The males’ struggles for dominance were noisy, garish affairs. Their bushy manes inflated to make them seem twice their size. That, plus snarling displays of teeth, usually caused one or the other to back down. Still, over in the main ark Nelson had witnessed one male savannah baboon spilling a rival’s entrails across the gray earth. The red-muzzled victor screamed elation across the waving grasses.

It had taken a bit longer to realize that females, too, battled over hierarchy… seldom as extravagantly as the males, and involving not so much simple breeding rights as food and status. Still, their rancor could be longer lasting, more resolute.

The troop’s dominant male stared at him, a huge brute massing at least thirty-five kilos. Scars along the creature’s grizzled flanks sketched testimony of former battles.
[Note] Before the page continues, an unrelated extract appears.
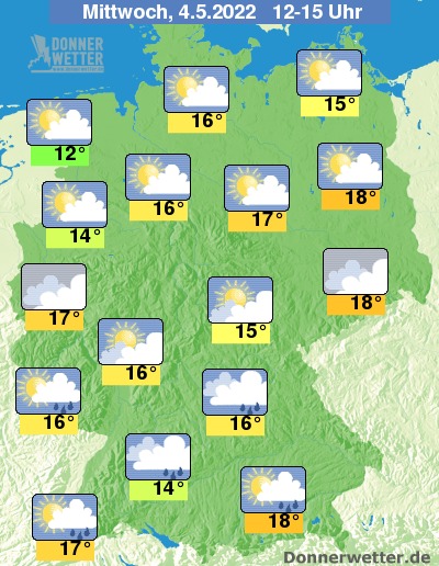 Heute Nachmittag ist es im Süden verbreitet stark, teilweise auch aufgelockert bewölkt, dabei bilden sich gebietsweise Schauer, örtlich sind zudem Gewitter möglich. Im übrigen Bundesgebiet ist es wechselnd bis aufgelockert und nur zum Teil auch stark bewölkt, dabei bleibt es weitgehend trocken. Die Temperatur liegt bei 12 Grad an der Nordsee und etwa 18 Grad in der Lausitz.

Wherever he moved, others quickly got out of his way. The patriarch’s expression was serene.

Now there’s a bloke who gets respect.

Nelson couldn’t help thinking of his own triumphs and more frequent failures back in White Horse, where the flash of a knife sometimes decided a boy’s claim to the “tribal pinnacle” — or even his life. Girls, too, had their ways of cutting each other down. Then there were all the power pyramids of school and town, of work and society. Hierarchies. They all had that in common.

Moreover, not one of those hierarchies had appeared to want or value him. It was an uncomfortable insight, and Nelson hated the baboons all the more for making it so clear.
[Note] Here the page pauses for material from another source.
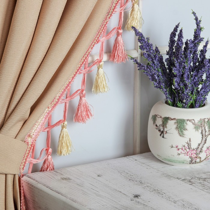 Тесьма украшает шторы и делает интерьер более уютным. Мягкие кисточки дополнят текстиль и добавят в конструкцию динамики. Обработайте изделием портьеру, скройте за ним швы или декорируйте текстильный подхват.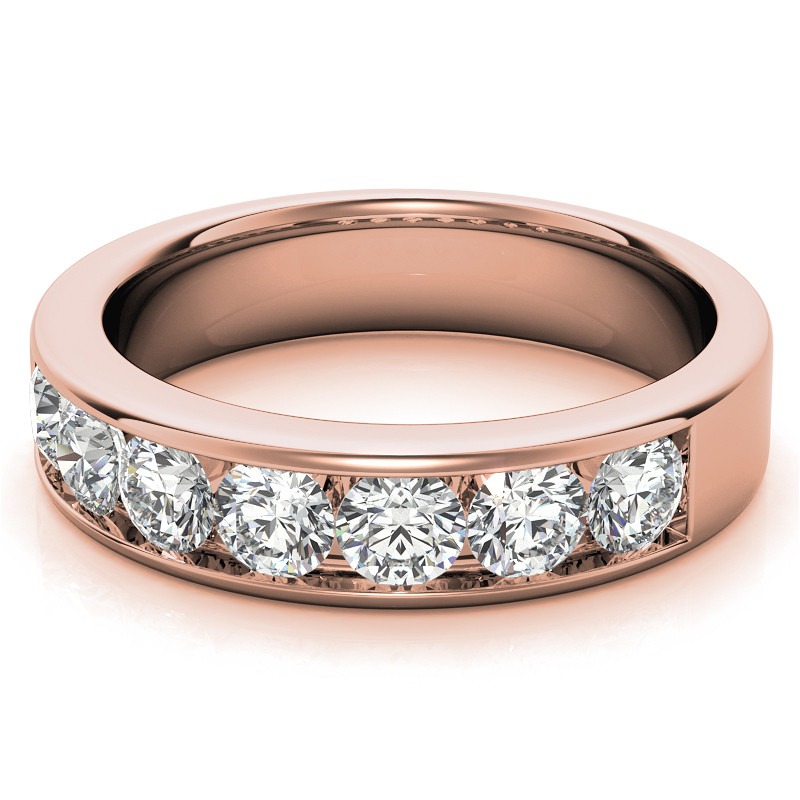 This beautiful channel set anniversary ring features seven 3.5mm (0.15ct each) round brilliant Moissanite stones for a total of 1.05 carat, set in 14k gold, 18k gold or platinum.

Nelson’s sweaty grip on the electroprod tightened as a pair of young adults, maybe twenty kilos each, settled down a few meters away to pick through each others’ fur. One adolescent turned and yawned at him, gaping wide enough to swallow Nelson’s leg up to his calf. Nelson edged away some distance before resuming with another pile of turds.
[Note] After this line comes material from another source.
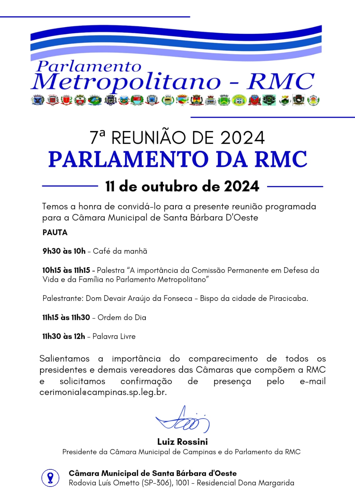 A Câmara Municipal de Santa Bárbara d’Oeste sedia a 7ª reunião do Parlamento da Região Metropolitana de Campinas (RMC) na próxima sexta-feira, dia 11 de outubro, a partir das 9h30. O Parlamento, composto por representantes do Poder Legislativo das 20 cidades da região, se reúne mensalmente para debater questões de interesse comum e apresentar suas demandas ao governo estadual.

I think I might like to work with animals,” he had told them when he first arrived at Kuwenezi, his one-way air ticket used up and his supply of bootlegged Whatifs spread across the placement officer’s desk.

Shortly before making the fateful decision to come here, Nelson had seen a documentary about the canton’s scientists — Africans fighting to save Africa. It was a romantic image. So when asked what work he’d like to do as a new citizen, the first thing to come to mind had been the Ark Project. “Of course I’ll want to invest my money first I may prefer to work part-time, y’know. ”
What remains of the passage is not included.